Keep it on the Down Low: Protecting Business Confidential Information from a Human Relations Perspective
Almost every business has some information that it wishes to keep confidential, and many businesses have information that the law requires them to keep confidential. In a world that seems to be filled with hackers, what these companies do to protect this confidential information is not only a legal concern, but is the stuff of a front page PR nightmare. While much attention is being paid to what a company’s information technology department is doing on cybersecurity, the human relations department has a role to play as well.
Each company needs to decide which employees should have access to confidential information. Once that is done, it is important that those employees are put on notice of the confidentiality of the information entrusted to them and that they have a legal obligation to maintain that confidentiality. This notification can be done through policies and procedures, but creating legal obligations might be better accomplished through actual confidentiality agreements. To have every employee in the company sign confidentiality agreements begs the question as to what is the confidential information being protected if every employee in the company apparently knows about it, which is why identifying the employees who have this information should be done at the outset. The agreements themselves should list with some specificity for each employee the type of confidential information to which they will have access and that they will have an obligation to protect. Building into the contract the ability to add an addendum in case the employee is promoted or put on new projects can protect the confidential information that the employee receives after signing the agreement. HR departments are often in the best position to take these steps since they already deal with company policies and procedures, and employee documentation such as notices and acknowledgments.
It is important that confidentiality agreements are not written so broadly as to include information that is publicly available or subject to the employees’ general knowledge. Confidentiality agreements with broad definitions of what is confidential create the risk that a court could find them to be non-compete agreements, which would in many states mean they are unenforceable.
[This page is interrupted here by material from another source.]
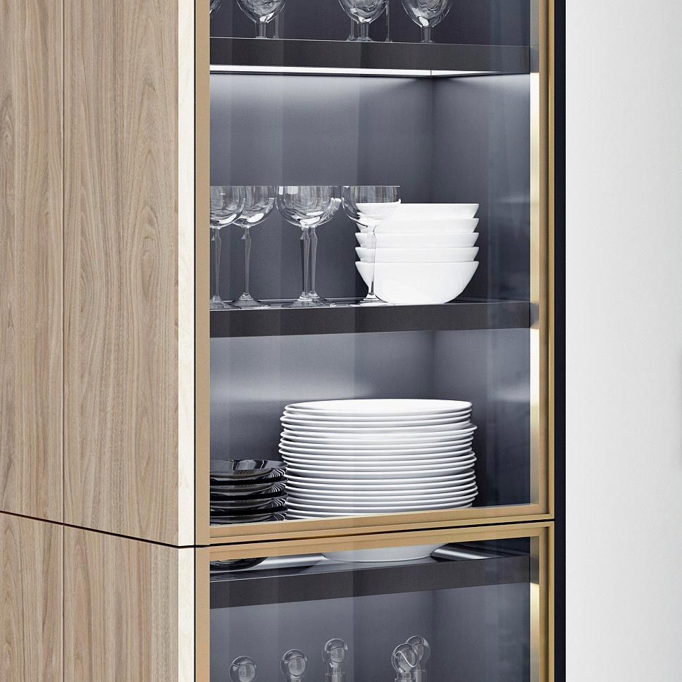 Красивая кухня с золотыми акцентами в двухкомнатной квартире бизнес-класса
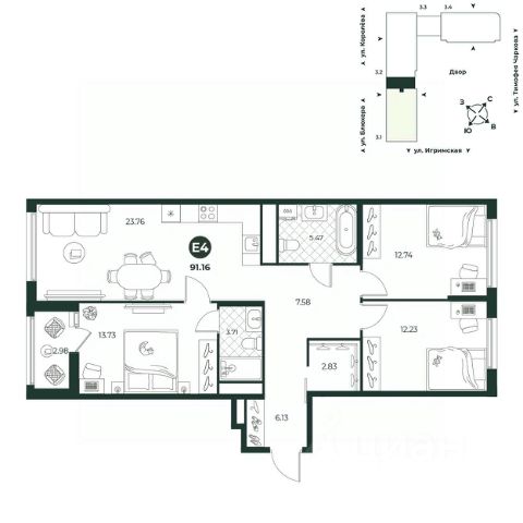 Удобная четырехкомнатная квартира предлагает максимум комфорта и функциональности для современной жизни. Просторная кухня-гостиная с выделенной зоной отдыха создаёт уютную атмосферу для семейных собраний и дружеских встреч. Здесь можно наслаждаться временем с близкими, готовя любимые блюда или просто расслабляясь в комфортной обстановке. Прихожая включает нишу для хранения, что позволяет поддерживать порядок и организованность, с лёгкостью размещая обувь и верхнюю одежду, а также другие необходимые вещи. С двумя просторными детскими комнатами, квартира идеально подходит для семей с разновозрастными детьми. Каждая из детских легко адаптируется под интересы и потребности ваших детей, обеспечивая пространство для учебы и игры. Спальня родителей расположена в отдельном крыле квартиры, что создаёт уединённую обстановку для отдыха. В этой комнате предусмотрены выделенные зоны для работы и хранения, что позволяет удобно организовать своё пространство и поддерживать порядок. Дополнительное удобство предоставляет гостевой санузел, что удобно для жителей и гостей, сохраняя приватность основных комнат. Эта квартира станет отличным выбором для тех, кто ценит комфорт, практичность и современные решения в планировке, обеспечивая идеальные условия для жизни и отдыха всей семьи.

If you want to see a close call related to this issue, take a look at the Sixth Circuit’s decision in Orthofix, Inc. v. Eric W. Hunter, decided on November 17, 2015, where the Sixth Circuit, interpreting Texas law, saved a confidentiality agreement because it found the agreement was specific enough not to equate to a non-compete, which would have failed under the Texas non-compete statute.
The bottom line is, the HR department has a big role to play on keeping things on the down low, and no company should solely rely upon its IT department to save the day on confidentiality.